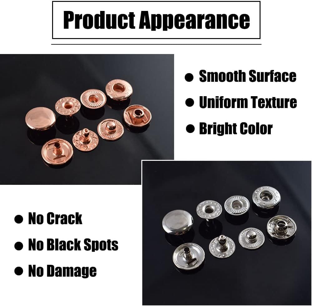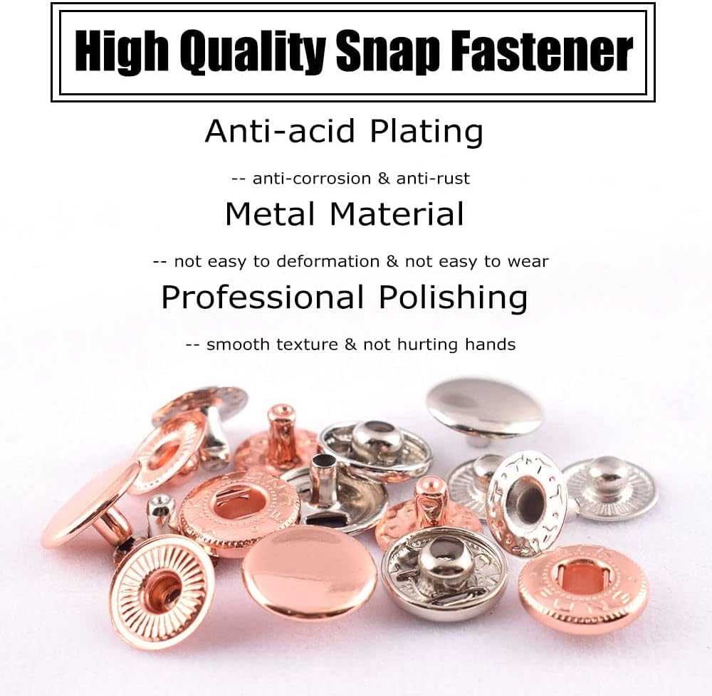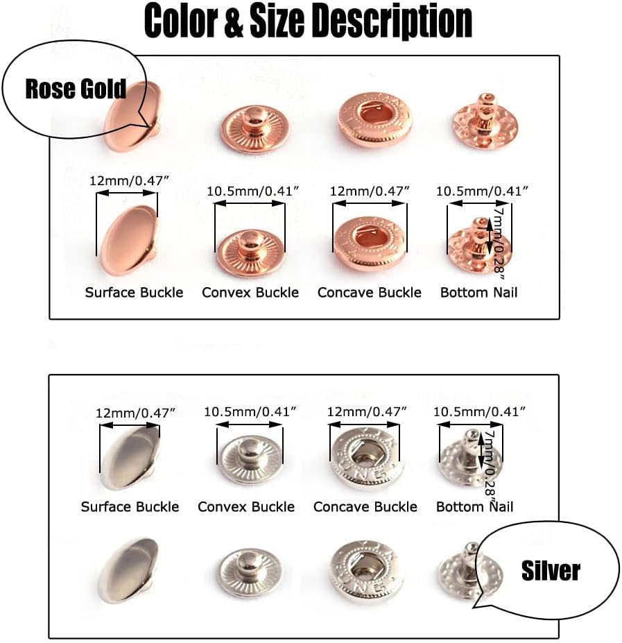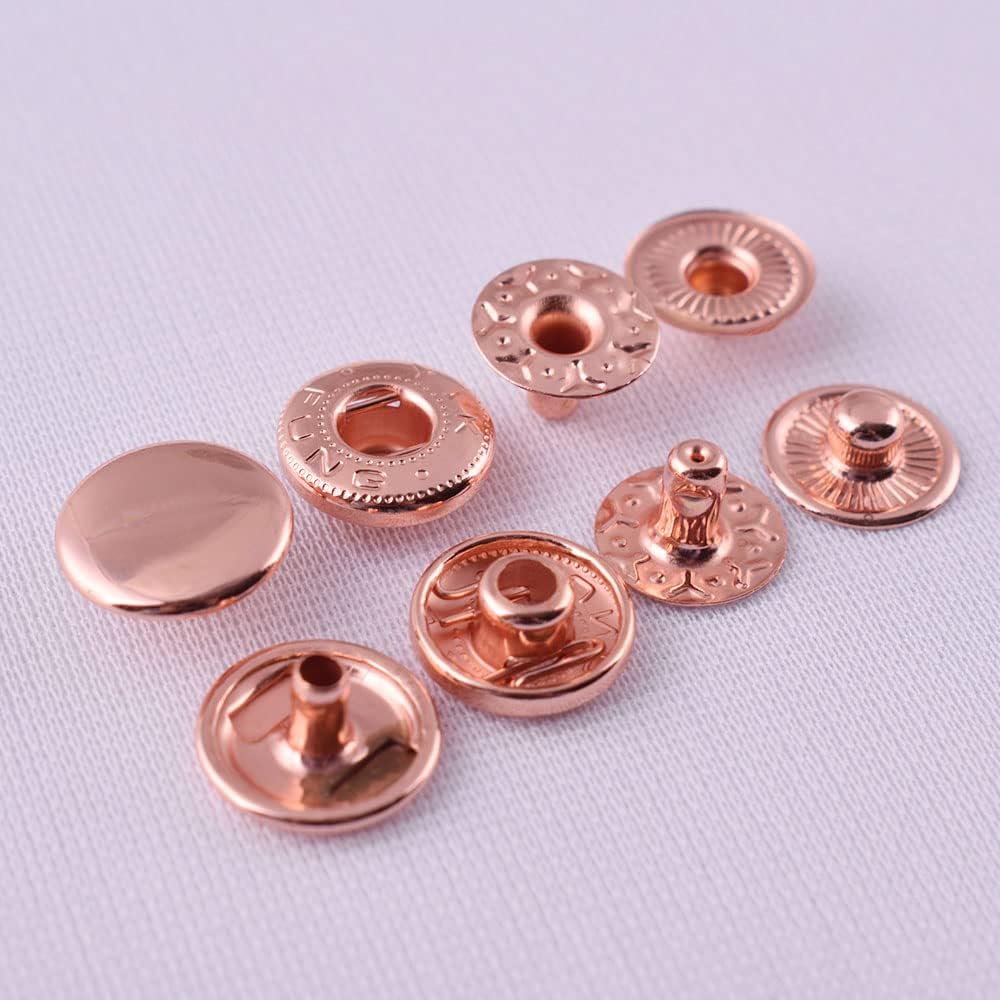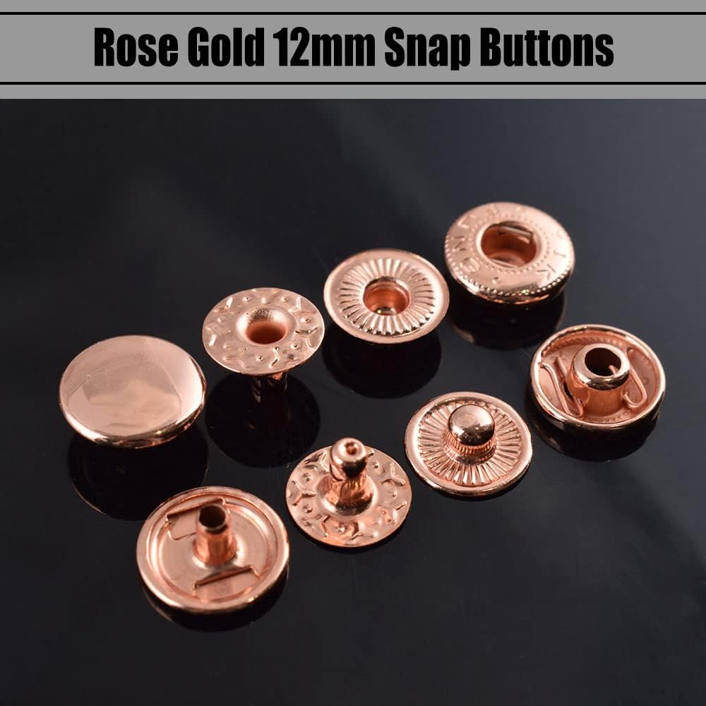 Rose Gold Leather Snap Buttons - 12mm Spring Snap Fasteners Kit Press Studs Clothing Snaps Button for Clothing Canvas Leather Craft Sewing 20 sets 🧡This Snap Fasteners is not only of high quality but also of reasonable price.It can perfectly meet your daily needs. Perfect for Doll Clothes Sewing Projects, Mini Craft Supply,Barbie, Doll shoes making. ⭐Product Information: Size: 12mm Color: Rose gold QTY: 20 Sets ⭐Coloring method: Electroplating. ⭐Characteristics: Elegant appearance, Shiny and bright,High quality is great for your different leather decorations ⭐Material: metal. This product has been electroplated, will not rust,no color fading. ⭐Usage:leather rivets is suitable for Leather Craft Clothes/Shoes/Bags/Belts Repair Decoration
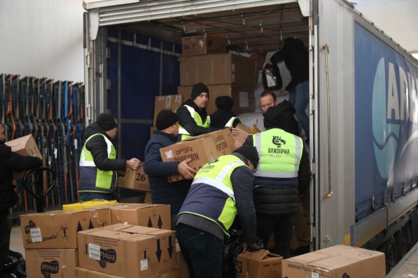 Bandırma Belediyesi, deprem felaketinin meydana geldiği ilk saatlerde hiç vakit kaybetmeden acil olarak toplandı. Belediye Başkanı Av. Tolga Tosun, aynı günün sabahı ilçede iki yardım toplama noktası belirlediklerini duyurdu. Bunun üzerine tek yürek olan vatandaşlar deprem mağdurları için akın akın yardım getirmeye başladı. Felaketin ilk gününden itibaren her gün, sabah erken saatlerden gece yarılarına dek toplanan yardımlar, olabilecek en hızlı şekilde deprem bölgelerine gönderildi. Ekipler sevkiyat için 24 saat aralıksız çalıştı. Depremzedelerin ihtiyaç duyduğu yiyecek, içecek, giyinme, barınma, tıbbi malzeme ve benzeri yüzlerce çeşit ihtiyaç malzemesi bölgeye gönderildi.
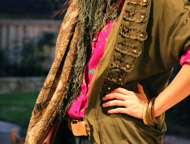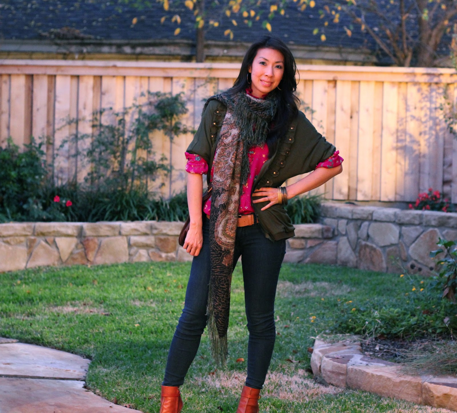 I love the paring of the military jacket with the fuchsia- it looks great! I love the print on the fuchsia blouse too, and those amazing booties!
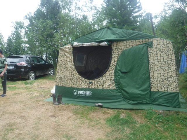 Вторая поездка в этом году была более основательной и с большим количеством людей. В Мурино много народу в августе, и мы смогли найти подходящую поляну для лагеря лишь в 2 км от заезда. В этот раз Байкал поразил чистой и тёплой водой. Никаких зелёных водорослей, спирохеты и спирогиры. Воду брали прямо с берега. Дно в ясную погоду просматривалось до 20 метров. А купаться можно было даже без бани - это редкость. Наш лагерь: В первый день нас было шестеро, и баню было решено сделать в Р-436. МегаСогра с этим легко и уже привычно справилась. Накупались до отрыжки. Пара небольших казусов. Во второй раз за 9 лет лопнул трос у полока в месте крепления, и трое сидящих на нём мягко грохнулись на тёплый пол Р-436. Привязали ветровой растяжкой трос и продолжили париться. Только больше двух уже не садились. Уже дома всё отремонтировал.
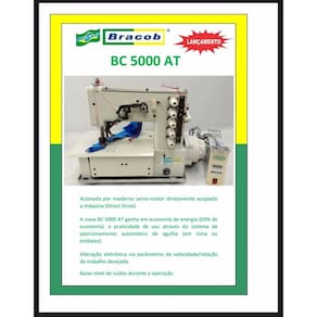 A nova Bracob BC5000AT ganha em economia de energia (63% de economia) e praticidade de uso atraves do sistema de posicionamneto automático de agulha (em cima ou ebaixo) Alteração eletrônica via parâmetros da velocidade/rotação de trabalho desejada . Baixo nível de ruídos durante a operação .
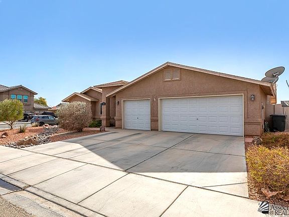 Welcome home to this 5 bedroom, 3 bath, 29.5' X 22.5' 3 car garage home situated on a generous corner lot with front low maintenance desert landscape in front, grass and colorful shrubs in raised block planter in backyard all on timed water system. 10' X 34' extended back covered patio, double gates, pedestrian gate and colored concrete sidewalk from side gate to back of home. 2 sheds will convey. Portico entry with security screen to foyer to open great room with vaulted textured ceilings, ceiling fans, and French Door to backyard. Kitchen features a huge breakfast bar, custom tile floor, walk-in pantry and built-in side bar. 2 bedrooms, bathroom with raised toilet, tile floor, kohler faucet, and glass shower doors on one side of great room, 2 bedrooms with pocket doors in between to join if desired and hall bath with raised toilet, tile floor, kohler faucet, grab bars, and glass shower doors on other side of great room. Spacious primary bedroom with cedar in walk in closet and large bathroom with double sinks, newer faucets, updated medicine cabinets, water closet, and beautiful glass shower doors. Ceiling fans with wall remotes. Many upgrades performed by the owner. Water softener, whole house multi media filtration system, newer water heater.
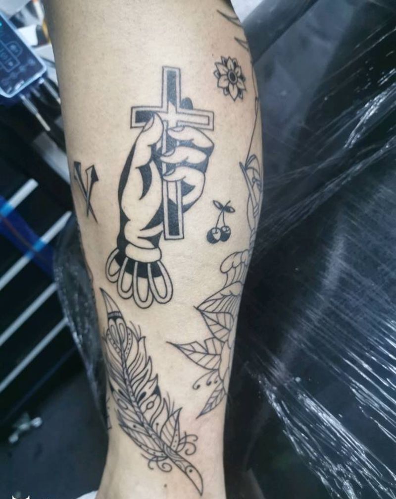 • H5款精美的小型十字架纹身 迷你纹身图案
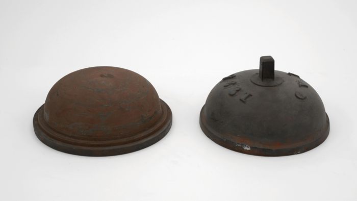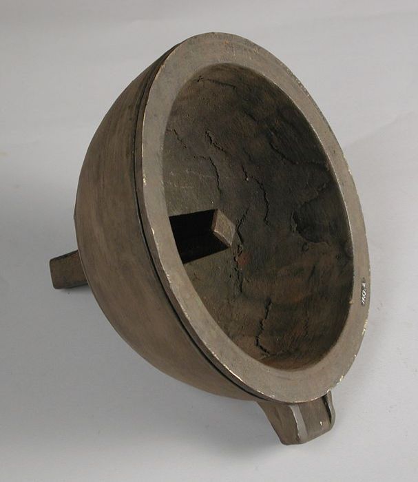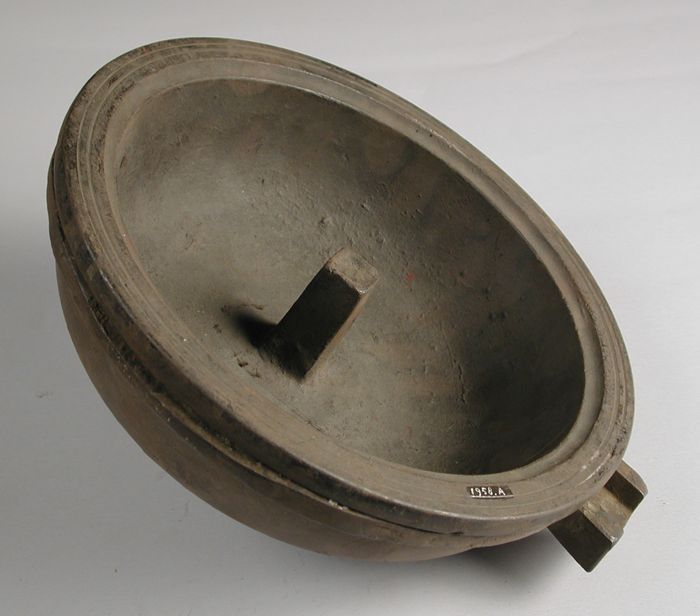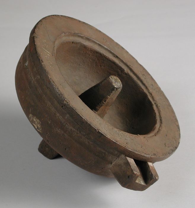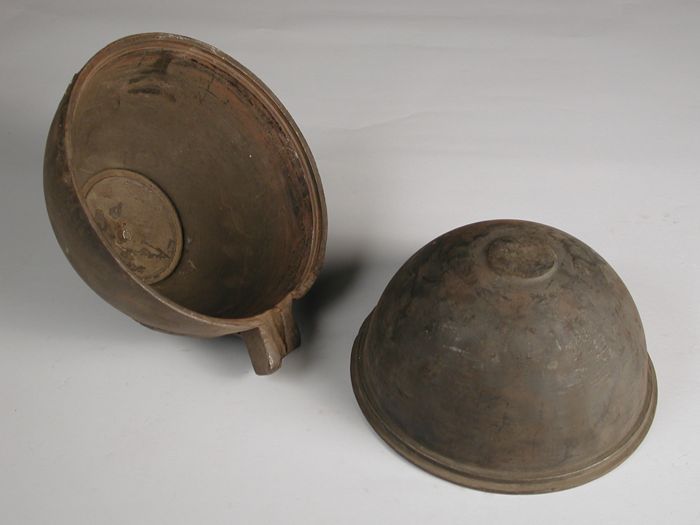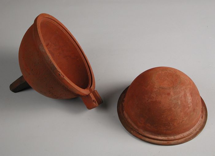 Tweedelige bronzen mal voor onderkant van pot of kan
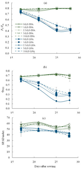 Temporal dynamics of the maximal quantum yield of PSII photochemistry ((a), Fv/Fm), actual quantum yield of PSII photochemistry ((b), ϕPSII) and SPAD index (c) for cucumber seedlings grown on the sandy loam soil with a sodium lignosulfonate concentration of 0 (0sLS), 1 (1sLS), 2.5 (2.5sLS), 5 (5sLS), and 10 (10sLS) vol % under sufficient nutrient availability (SNA) or low nutrient availability (LNA).
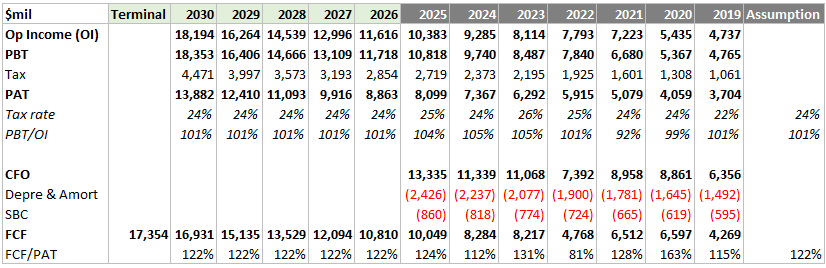 Do a reverse DCF to solve for current $447b market cap, we need the discount rate to be 7% (implied FCF exit multiple = 22x).
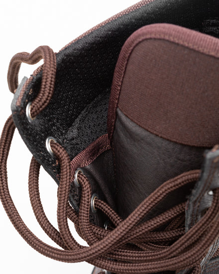 Tomaia in pelle idrorepellente: Pelle marrone scuro di alta qualità, resistente all’acqua e all’usura.
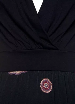 This beach dress will take care of your summer look. Thanks to the print on the skirt this dress is particularly eye-catching. Short cap sleeves, v-neckline and ruffles on the top conjure up a beautiful feminine silhouette. With its playful cut-out detail, the back also attracts attention and will make you stand out from the crowd.
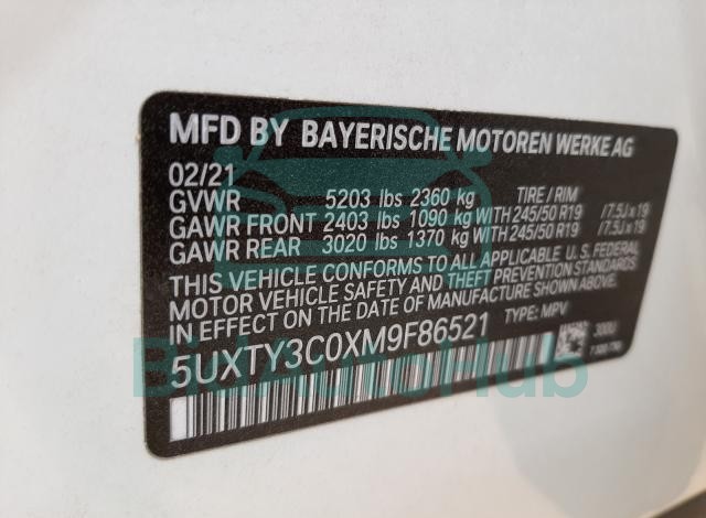 The BMW X3 2021 - VIN: 5UXTY3C0XM9F86521 is equipped with a 2.0L 4 engine. This power unit is known for its efficiency and reliability, and it is part of modern generation of engines designed to balance performance with fuel economy. According to the auction data, the vehicle was registered with only of mileage at the time of sale.
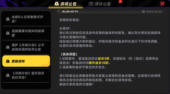 当然,玩家们也积极提出了一些宝贵建议。部分玩家反馈在四人快速模式中,由于节奏过快,新手玩家可能在前期对游戏机制理解不足,导致游戏体验稍受影响,希望能在后续版本中增加一些新手引导环节;还有玩家建议在八人排位模式中,进一步优化匹配机制,让实力相近的玩家能更精准地匹配对战,提升竞技公平性。而《月相计划》官方也是十分听劝的立马发布公告做出了调整。
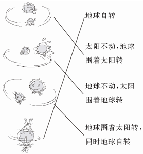 (1)地球不动,太阳围着地球转;太阳不动,地球围着太阳转;地球自转;地球围着太阳转,同时自转。
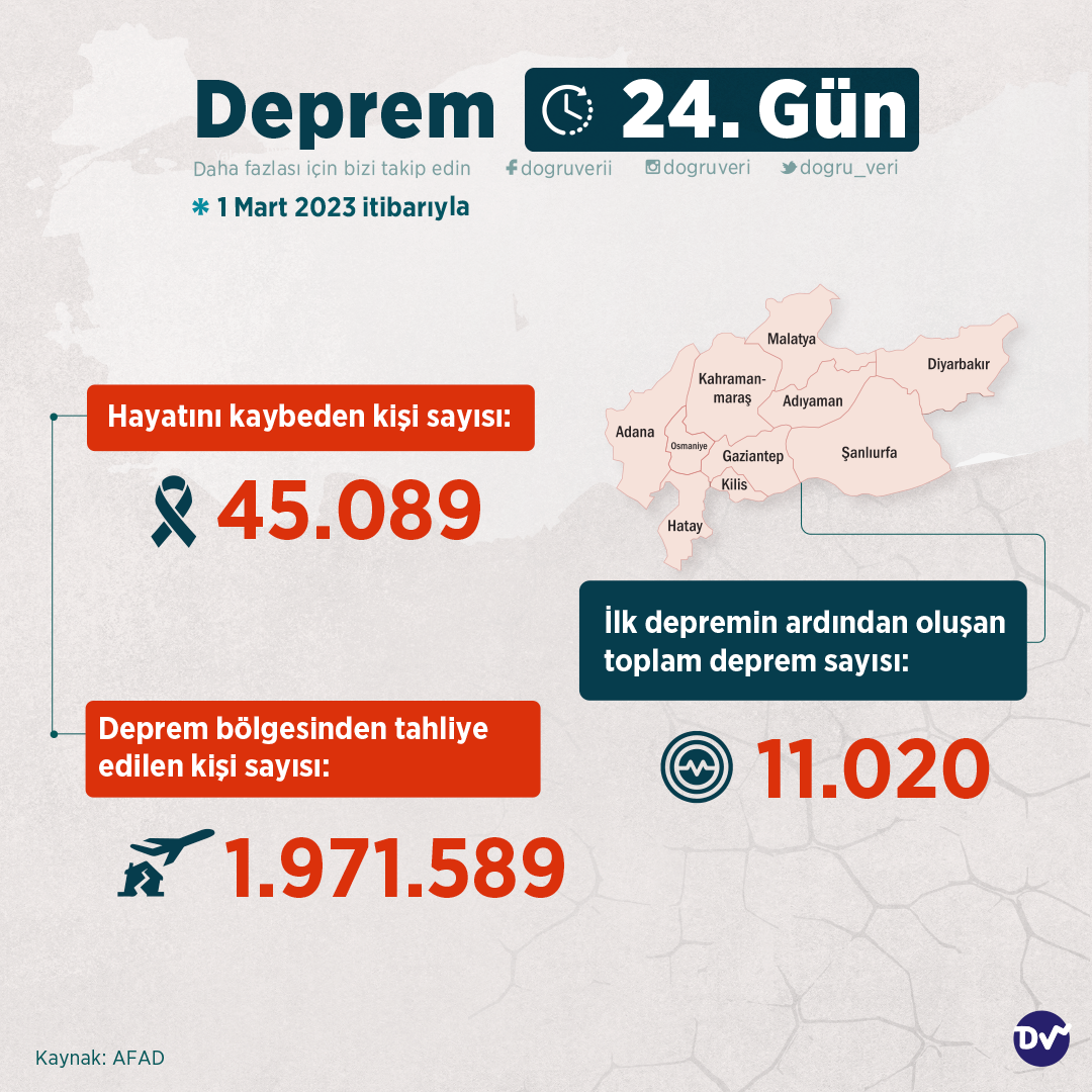 AnasayfaAfetDeprem 24. günAfet Deprem 24. gün Paylaş Yaşadığımız deprem felaketinin ardından 24. gündeyiz. Ne yazık ki hayatını kaybedenlerin sayısı artıyor. 1 Mart 2023 itibarıyla açıklanan bilgilere göre, son durum bu şekilde. Hepimizin başı sağ olsun. 50 Paylaş
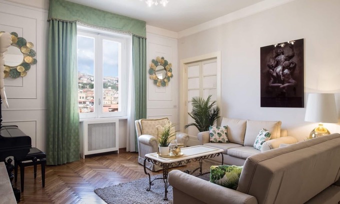 Welcome to Charity LARGE RESIDENCES NAPLES, an exquisite apartment that serves as the perfect wedding accommodation. Nestled in the heart of Naples, this elegant residence provides a stunning backdrop for your special day. With its spacious layout and breathtaking views, ranging from Castel Sant Elmo to the mesmerizing Gulf of Naples, you and your guests are sure to feel the romance and charm this location exudes.
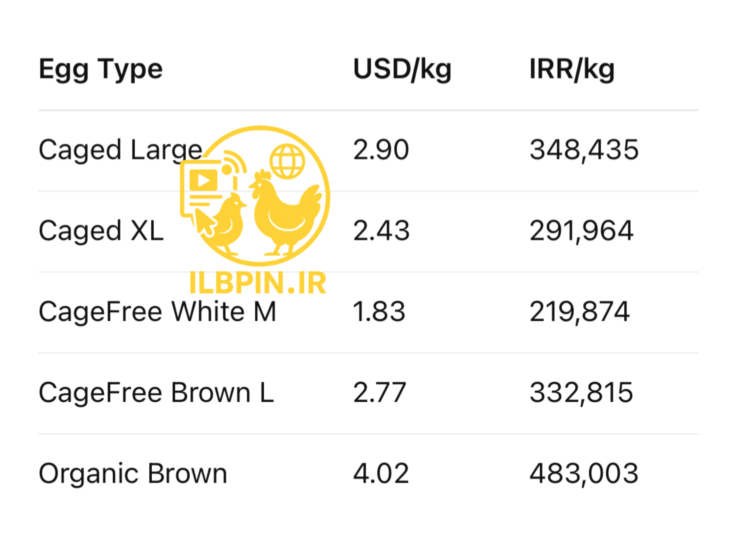 ILBPIN پس از تبدیل قیمتها از «سنت بهازای دوجین» به «دلار بهازای هر کیلو» و سپس تبدیل آن به تومان بر اساس نرخ آزاد ۱۲۰,۱۵۰ تومان، جدول زیر را استخراج کرده است:
§
§ WHAT YOU HAVE TO DO:
Look above for the line containing "Do a reverse" and the line containing "AnasayfaAfetDeprem 24. günAfet", then reproduce both and everything between them exactly, pictures omitted.

§ ANSWER:
 Do a reverse DCF to solve for current $447b market cap, we need the discount rate to be 7% (implied FCF exit multiple = 22x).
 Tomaia in pelle idrorepellente: Pelle marrone scuro di alta qualità, resistente all’acqua e all’usura.
 This beach dress will take care of your summer look. Thanks to the print on the skirt this dress is particularly eye-catching. Short cap sleeves, v-neckline and ruffles on the top conjure up a beautiful feminine silhouette. With its playful cut-out detail, the back also attracts attention and will make you stand out from the crowd.
 The BMW X3 2021 - VIN: 5UXTY3C0XM9F86521 is equipped with a 2.0L 4 engine. This power unit is known for its efficiency and reliability, and it is part of modern generation of engines designed to balance performance with fuel economy. According to the auction data, the vehicle was registered with only of mileage at the time of sale.
 当然,玩家们也积极提出了一些宝贵建议。部分玩家反馈在四人快速模式中,由于节奏过快,新手玩家可能在前期对游戏机制理解不足,导致游戏体验稍受影响,希望能在后续版本中增加一些新手引导环节;还有玩家建议在八人排位模式中,进一步优化匹配机制,让实力相近的玩家能更精准地匹配对战,提升竞技公平性。而《月相计划》官方也是十分听劝的立马发布公告做出了调整。
 (1)地球不动,太阳围着地球转;太阳不动,地球围着太阳转;地球自转;地球围着太阳转,同时自转。
 AnasayfaAfetDeprem 24. günAfet Deprem 24. gün Paylaş Yaşadığımız deprem felaketinin ardından 24. gündeyiz. Ne yazık ki hayatını kaybedenlerin sayısı artıyor. 1 Mart 2023 itibarıyla açıklanan bilgilere göre, son durum bu şekilde. Hepimizin başı sağ olsun. 50 Paylaş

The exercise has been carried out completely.